Why not just drop the case? One reporter pushed.

“I’m going to review it before I would make that call,” he insisted.

Crist the candidate has considerably softened his stance towards gay rights in the four years since he ran for governor, when he opposed gay marriage.

Why the change, he was asked.

“Not a whole lot has changed to be candid. I also said (back in 2006) that I’m a live-and-let-live kind of guy. And I am. As I said this morning, I think that the older you get, the less judgmental you become,” Crist said. “Maybe I was more rigid earlier. But I don’t feel that way. And I know who’s supposed to be judging people and it’s not me.”

Senate finally allows debate on gay adoption

Tuesday, March 16th, 2010 by Dara Kam

Senate President Jeff Atwater allowed Democrats to talk about repealing the state’s gay adoption ban during the afternoon session today.

Sen. Nan Rich has tried and failed for the past four years to have her bills that would do away with Florida’s 33-year-old prohibition against gay couples or individuals adopting.

But today, Atwater allowed Sen. Charlie Justice to offer an amendment on a bill that would prohibit adoption agencies from discriminating against gun owners. Justice’s amendment proposed a similar prohibition for discrimination based on sexual orientation.

“Whether a person owns a gun or not has no bearing on his or her ability to be a loving parent,” Rich, D-Weston, said.

The ban on gay adoption is a “far graver inequality,” she said, and is “a law grounded on fear and ignorance rather than in sound public policy.”

Gay couples are allowed to be foster parents but are barred from permanently adopting the children. More than 3,000 Florida kids are waiting to be adopted and about 25,000 of them live in foster care.

A state appeals court is currently considering whether the law is unconstitutional, as some judges have recently ruled. The 1st District Court of Appeals could rule at any time on a case in which a judge allowed Martin Gill, a gay Miami-Dade County man, to adopt two foster children who have been in his care for years. The state is appealing the adoptions.
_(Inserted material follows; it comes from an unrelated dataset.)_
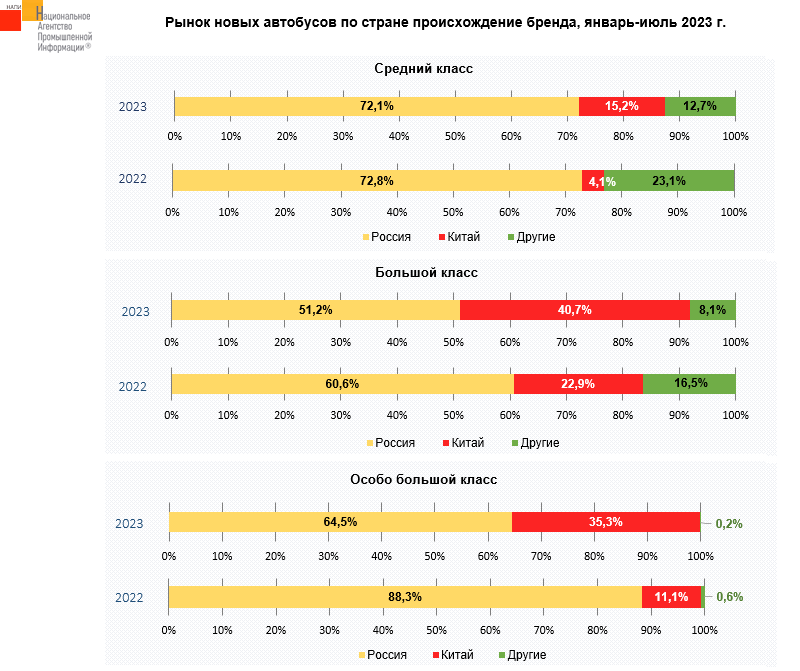 Маркетинговое агентство НАПИ проанализировало долю китайских автобусов в России. По итогам семи месяцев текущего года китайская техника заняла 20% в структуре продаж новых автобусов. За год доля китайских брендов выросла на 12%.

“I know this amendment is not going to pass today and that Florida’s discriminatory adoption ban will not fall today,” Rich concluded. ”It’s been four year since there’s been any debate on this issue in any official Senate proceeding in any Senate committee and it’s been 33 years since this issue has been debated on the floor of this chamber. It’s about time we did something about that.”

Justice, D-St. Petersburg, withdrew the amendment before a vote could be taken.

Rep. Scott Randolph, D-Orlando, offered a similar amendment on the House floor this afternoon. He also withdrew the measure before it could be voted on.

DCF, lawyers at odds over fate of gay man’s adopted kids

Monday, November 23rd, 2009 by Dara Kam

Department of Children and Families officials insist that the foster kids living with Martin Gill for nearly five years aren’t going anywhere.

But the agency’s own lawyers told a judge that the two boys adopted by Gill should be “made available for adoption” elsewhere, something Gill can’t legally do because he’s gay.

Despite DCF’s insistence that the Gill family won’t be affected by its appeal of the adoption, the agency has made a test case out of the gay man’s adoption and intends to take the case to the Florida Supreme Court to decide once and for all if Florida’s ban on gay adoption is unconstitutional.

DCF has paid Attorney General Bill McCollum’s office nearly $400,000 so far on the case, and it has yet to make its way to the high court.